» How to complete this task
Transcribe the listing in full, excluding any pictures.

» Information provided
= Beginning of Section =

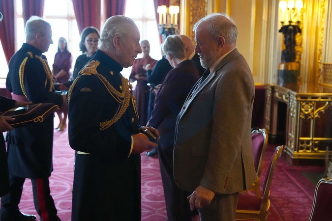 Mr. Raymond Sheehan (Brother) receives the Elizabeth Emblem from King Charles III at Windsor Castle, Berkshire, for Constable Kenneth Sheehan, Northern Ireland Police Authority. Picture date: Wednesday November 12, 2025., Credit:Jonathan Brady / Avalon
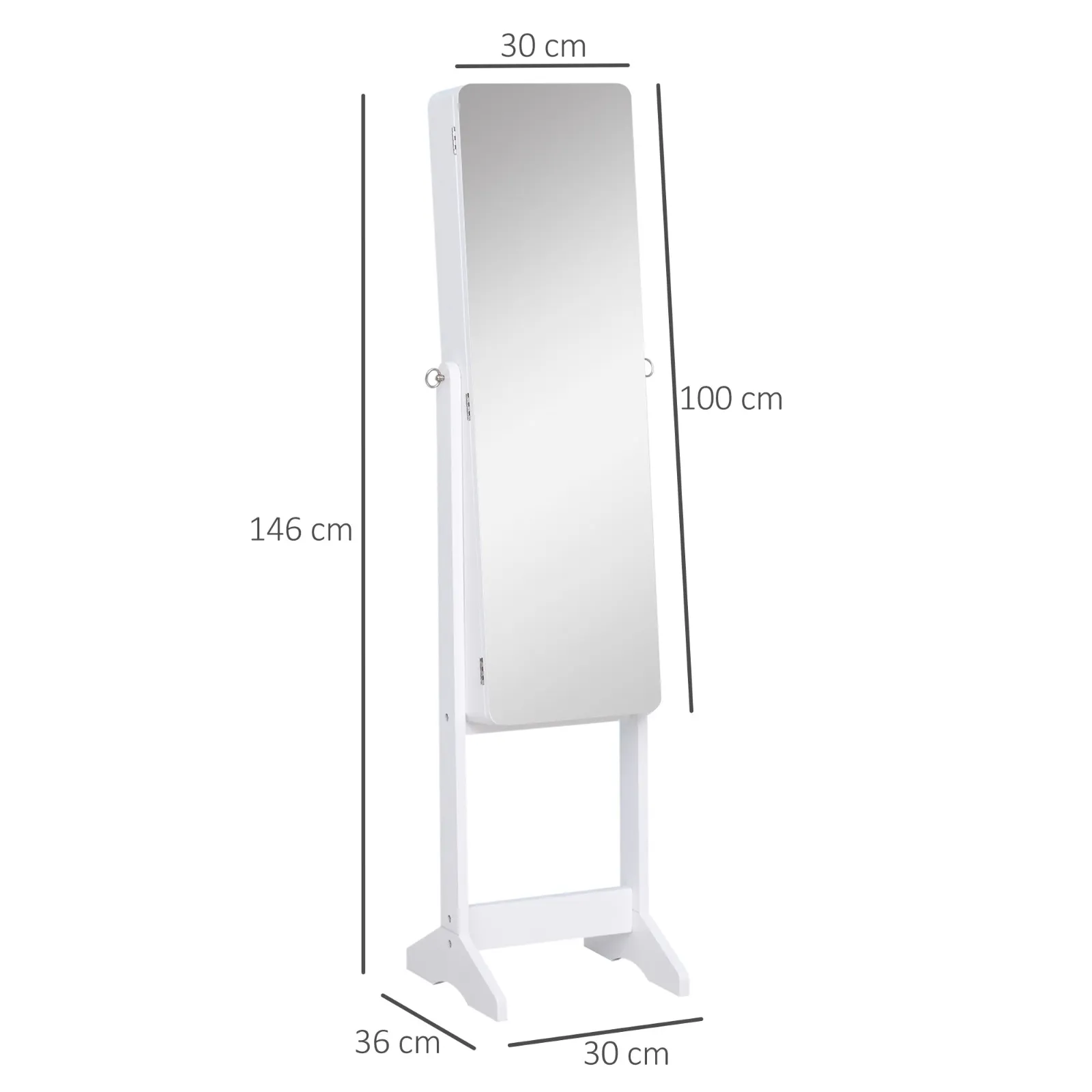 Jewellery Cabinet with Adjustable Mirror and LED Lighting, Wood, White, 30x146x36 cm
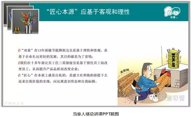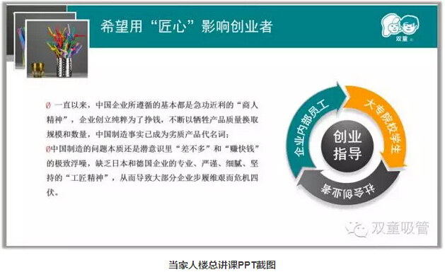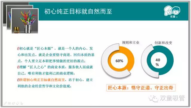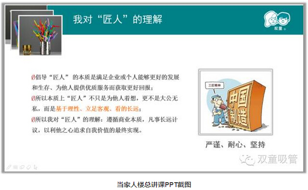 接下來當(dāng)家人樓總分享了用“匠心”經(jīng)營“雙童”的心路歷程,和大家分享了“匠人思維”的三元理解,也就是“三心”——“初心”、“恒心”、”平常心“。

= End of Section =

» Reply to the exercise
 Mr. Raymond Sheehan (Brother) receives the Elizabeth Emblem from King Charles III at Windsor Castle, Berkshire, for Constable Kenneth Sheehan, Northern Ireland Police Authority. Picture date: Wednesday November 12, 2025., Credit:Jonathan Brady / Avalon
 Jewellery Cabinet with Adjustable Mirror and LED Lighting, Wood, White, 30x146x36 cm
 接下來當(dāng)家人樓總分享了用“匠心”經(jīng)營“雙童”的心路歷程,和大家分享了“匠人思維”的三元理解,也就是“三心”——“初心”、“恒心”、”平常心“。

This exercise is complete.